Donald White and Dr. Michael L. Curry
Researchers at Tuskegee University have modified and discovered new bio-based natural materials that could eliminate the harmful buildup of carbon dioxide in the atmosphere.
Dr. Michael L. Curry, an associate professor in the chemistry department, and engineering doctoral student Donald White believe the use of naturally occurring nanocellulose holds the key to efficiently and cost-effectively mitigating carbon dioxide and other greenhouse gases associated with rising global temperatures and extreme weather events.
Scientists worldwide agree that a rise in carbon dioxide is contributing to global warming.

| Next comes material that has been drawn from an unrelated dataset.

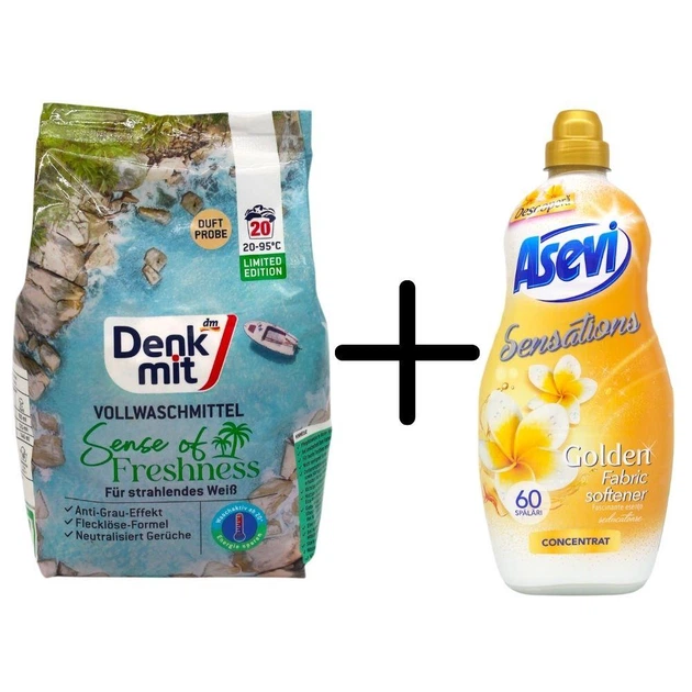 Порошок для прання білого Denkmit Sense of Freshness 1,35кг 20прань + ПОДАРУНОК кондиціонер Golden Sensations 1,44л 60прань
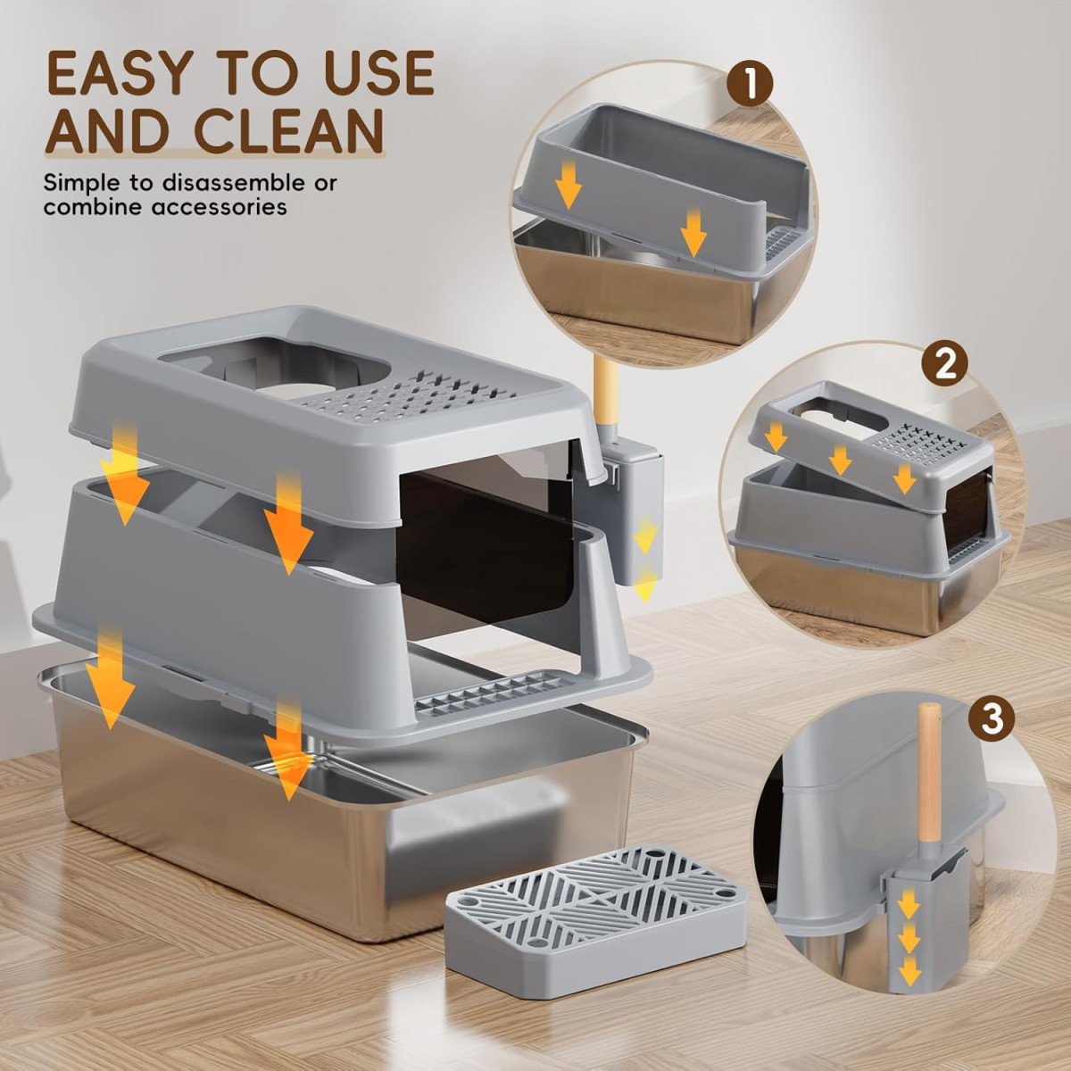 A macskavécé egyszerűen összeállítható a patentcsatos kialakításnak köszönhetően. Nem szükséges szerszám, mindent kézzel lehet szerelni és szétszerelni. A szett tartalmazza az összes szükséges alkatrészt, beleértve a fa nyéllel ellátott műanyag lapátot, amely a vécé oldalára akasztható a könnyű hozzáférés és helytakarékosság érdekében.

Since the beginning of the Industrial Revolution, researchers have observed significant amounts of carbon emitted into the atmosphere — with the concentration of carbon dioxide at an all-time high today. But scientists remain unsure just how much human activity is contributing to the warming.
Curry and White, with grant funding from the National Science Foundation, have created a new means of capturing carbon dioxide from the atmosphere that promises to be more effective, environmentally friendly and less expensive than carbon-capture methods currently used.
Instead of increasing the rate of carbon dioxide removal through changes in land and forestry usage and geoengineering techniques, the Tuskegee-developed technology relies on materials taken from agricultural waste products called nanocellulose.
“Nanocellulose is a natural material that can be found in abundance on this planet,” Curry said. “Using this material to develop new technologies for the capture and storage of carbon dioxide will only push the boundaries of science toward the development of new systems that promotes a cleaner and cooler atmosphere.”
The researchers’ process relies on using naturally occurring plant-based materials as filters to remove dangerous carbon dioxide buildup in the atmosphere. And if the new technology is used to reduce carbon dioxide, the natural material can be reused in the environment for remediation.